Softball pitcher Jennie Finch appeared on the celebrity edition of The Apprentice and was fired by Donald Trump in the fourth week.
Six team members -- softball players Vicky Galindo, Lauren Lappin, Jessica Mendoza and Stacey Nuveman, 15-year-old swimmer Elizabeth Beisel and race walker Philip Dunn -- were among the 130 international athletes who in June signed a letter to President George W. Bush, Chinese President Hu Jintao and other world leaders asking them to try to ensure that during the Games an Olympic truce is observed in Sudan, home to the violence-torn Darfur region.
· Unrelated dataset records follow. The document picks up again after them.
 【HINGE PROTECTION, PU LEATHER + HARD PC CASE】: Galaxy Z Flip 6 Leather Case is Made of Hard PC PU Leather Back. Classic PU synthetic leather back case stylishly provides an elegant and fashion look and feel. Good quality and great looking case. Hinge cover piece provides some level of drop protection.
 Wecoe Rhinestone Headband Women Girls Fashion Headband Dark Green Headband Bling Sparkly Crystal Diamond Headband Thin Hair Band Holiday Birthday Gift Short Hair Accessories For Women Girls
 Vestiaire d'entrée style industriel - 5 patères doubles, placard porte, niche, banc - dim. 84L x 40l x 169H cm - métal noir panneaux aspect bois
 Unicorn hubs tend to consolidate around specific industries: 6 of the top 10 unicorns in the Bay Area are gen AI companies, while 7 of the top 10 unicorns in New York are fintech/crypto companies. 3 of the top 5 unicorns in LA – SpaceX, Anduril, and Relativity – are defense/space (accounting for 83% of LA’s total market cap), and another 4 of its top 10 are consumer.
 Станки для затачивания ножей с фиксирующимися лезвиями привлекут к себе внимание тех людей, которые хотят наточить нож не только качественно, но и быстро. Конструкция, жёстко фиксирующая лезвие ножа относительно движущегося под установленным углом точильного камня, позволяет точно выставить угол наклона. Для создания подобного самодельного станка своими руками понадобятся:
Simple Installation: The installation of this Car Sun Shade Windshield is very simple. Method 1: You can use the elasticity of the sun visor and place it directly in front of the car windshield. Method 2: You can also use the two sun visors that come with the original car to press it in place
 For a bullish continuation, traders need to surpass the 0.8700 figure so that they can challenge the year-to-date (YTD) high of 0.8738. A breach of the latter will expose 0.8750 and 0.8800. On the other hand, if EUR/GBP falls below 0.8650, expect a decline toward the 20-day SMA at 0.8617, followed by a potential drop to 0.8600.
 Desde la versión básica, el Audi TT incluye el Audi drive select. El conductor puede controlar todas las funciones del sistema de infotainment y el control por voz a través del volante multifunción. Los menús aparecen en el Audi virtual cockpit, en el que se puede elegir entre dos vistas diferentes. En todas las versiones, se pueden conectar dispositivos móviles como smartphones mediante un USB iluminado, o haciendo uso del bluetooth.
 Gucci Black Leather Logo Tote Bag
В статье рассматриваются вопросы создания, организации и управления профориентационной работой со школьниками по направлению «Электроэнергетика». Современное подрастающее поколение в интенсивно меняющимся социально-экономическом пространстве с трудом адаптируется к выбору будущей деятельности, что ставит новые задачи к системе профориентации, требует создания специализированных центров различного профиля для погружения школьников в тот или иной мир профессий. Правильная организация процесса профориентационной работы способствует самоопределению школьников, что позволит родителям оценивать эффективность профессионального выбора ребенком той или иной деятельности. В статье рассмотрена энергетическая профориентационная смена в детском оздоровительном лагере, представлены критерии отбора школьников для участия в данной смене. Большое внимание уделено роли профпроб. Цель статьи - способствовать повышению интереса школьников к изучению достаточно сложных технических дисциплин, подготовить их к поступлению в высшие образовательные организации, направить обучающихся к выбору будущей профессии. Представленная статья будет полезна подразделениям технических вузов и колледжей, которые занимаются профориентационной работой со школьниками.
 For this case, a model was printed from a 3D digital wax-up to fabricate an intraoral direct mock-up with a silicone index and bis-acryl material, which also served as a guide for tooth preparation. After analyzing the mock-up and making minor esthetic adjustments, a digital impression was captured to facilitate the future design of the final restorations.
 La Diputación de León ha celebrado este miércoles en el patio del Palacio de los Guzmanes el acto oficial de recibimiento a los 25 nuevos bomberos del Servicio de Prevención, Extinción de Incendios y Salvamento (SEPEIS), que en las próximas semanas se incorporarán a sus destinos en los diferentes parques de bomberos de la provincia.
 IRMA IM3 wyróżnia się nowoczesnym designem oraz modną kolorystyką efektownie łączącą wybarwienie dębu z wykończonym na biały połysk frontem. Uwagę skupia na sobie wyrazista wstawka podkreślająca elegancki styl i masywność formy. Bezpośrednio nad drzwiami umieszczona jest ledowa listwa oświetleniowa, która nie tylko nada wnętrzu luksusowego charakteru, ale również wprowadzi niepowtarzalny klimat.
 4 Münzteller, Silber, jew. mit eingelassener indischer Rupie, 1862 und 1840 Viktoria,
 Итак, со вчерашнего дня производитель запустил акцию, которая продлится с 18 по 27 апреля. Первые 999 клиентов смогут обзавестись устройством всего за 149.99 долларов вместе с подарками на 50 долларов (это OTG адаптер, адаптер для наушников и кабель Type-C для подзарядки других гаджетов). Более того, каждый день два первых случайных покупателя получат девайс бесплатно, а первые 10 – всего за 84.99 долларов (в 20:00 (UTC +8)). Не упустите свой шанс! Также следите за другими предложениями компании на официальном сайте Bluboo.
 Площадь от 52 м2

The letter was given to Bush by former Olympic speedskating champion Joey Cheek, the head of an international athletes' organization called Team Darfur.
Through appearances and promotion of a website (crohnsandme.com), sprint kayaker Carrie Johnson works to raise awareness of Crohn's Disease, a chronic and often debilitating inflammation of the gastrointestinal tract from which she and softball infielder Tairia Flowers (and an estimated 500,000 other Americans) suffer.
Ben Askren, wrestling. The former University of Missouri star is known for the long blond curls that he braids or styles into a mullet for matches. "I actually don't really like my hair that much, but I'm a man of realism, and I realize people like gimmicks," he says. "[In Beijing] my hair's going to be my gimmick. Hopefully, I'll get a sponsorship or two, maybe get some money out of having stupid, curly hair."
WHAT A DIFFERENCE
Anna Willard will compete in Beijing as the American-record holder in a new Olympic track event, the women's 3,000-meter steeplechase. Four years ago, during the Games in Athens, she was waiting tables at the Fish Monger in Woods Hole, Mass.